I’ve just come back from vacation. I spent a week in Cancún, frolicking in the ocean blue waves of the Caribbean, with my sister and nephews. We had a grand time of it, enjoying the last days of summer before the boys head back to school and my older nephew starts his freshman year of college. This was a week I won’t soon forget!

As the boy’s crazy uncle, it was fitting that I should bring my knitting needles and yarn along so I could embarrass them at every turn. Teen boys are so caught up in their Instagram image, that they’d rather keep 200 feet away from anything or anyone that would make them lose followers. I was surprised, however, that the boys took my new craft in stride, didn’t mind seeing me knitting by the pool or at the airport terminal, and – in fact – began requesting scarves and mitts once I felt comfortable enough to start working with patterns and larger projects. I was glad by their reaction and promised them something to take with them for Christmas, now that I know the stitching basics and was able to learn ribbing to finish a project.

Cancún was fun. It’s been a few years since my last visit, but the beach resort is as busy as ever. We stayed at my favorite hotel, and enjoyed perfect weather. The ocean was fresh and clean; the rooms comfy and cool; the food like in no other place.
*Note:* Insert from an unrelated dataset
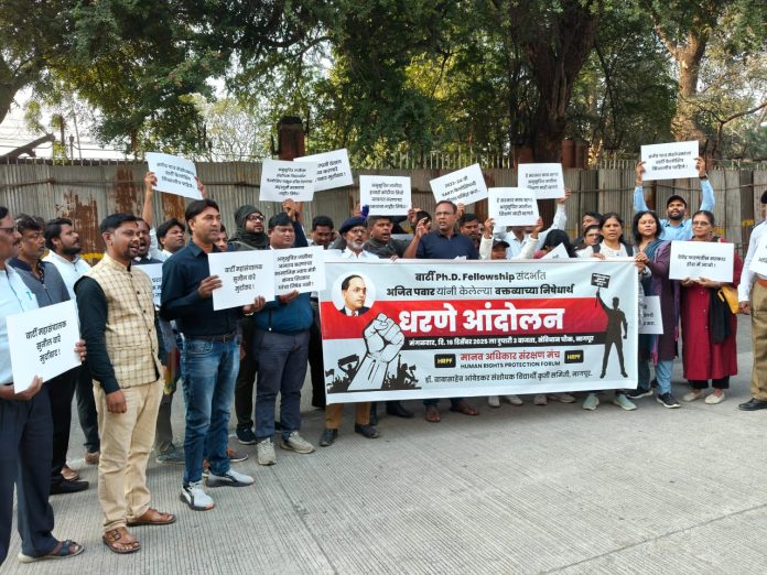 ‘स्कॉलरशीपसाठी एकाच कुटुंबातले ५-५ जण पीएचडी करू लागले’ उपमुख्यमंत्री अजित पवार यांच्या या बेताल वक्तव्याचा निषेध व्यक्त करण्यात आला.आज मंगळवार, दि. 16 डिसेंबर 2025 ला दुपारी 3 वाजता, संविधान चौक, नागपूर मानव अधिकार संरक्षण मंच HUMAN RIGHTS PROTECTION FORUM
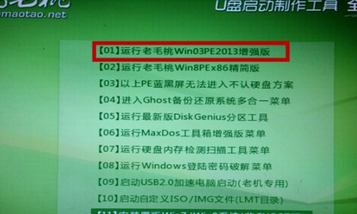 接着选择【02】运行老毛桃win03PE2013增强版,然后按下回车(enter),如下图所示。

I’m sure I gained a few pounds while indulging in tacos, quesadillas, and fresh fruits — all of which beat anything I could eat in Miami. The best part of the fun was watching my nephews enjoying themselves, asking me to join them in their adventures, and suggesting I go along with them to strip clubs where they could drink and have a good time. I declined on the last one – straight strip clubs not being my “thing.”

Chichen Itza

El Castillo, Temple of Kukulcan, Chichén Itzá

One day, we hopped in the car and traveled to the Mayan ruins of Chichén Itzá to walk around the archeological site and wonder at the marvels of Mayan architecture. It was a hot, humid day; we didn’t think we’d enjoy the tour of the ruins. But not twenty minutes into our visit, Chaahk, the Mayan god of rain, struck his lightning axe against the clouds and poured a refreshing rain shower over the park, soaking us, blessing us with a cool breeze and a much cooler afternoon. Our tour guide informed us that rain was precious to the Mayans, and given that we were in a sacred site, the rain could be thought of as a blessing. The boys, oblivious to the gods, ran out into the field, got themselves soaked, and posted pictures to their feeds with thoroughly soaked Ts clinging to their bodies for likes on Instagram. I rolled my eyes at them.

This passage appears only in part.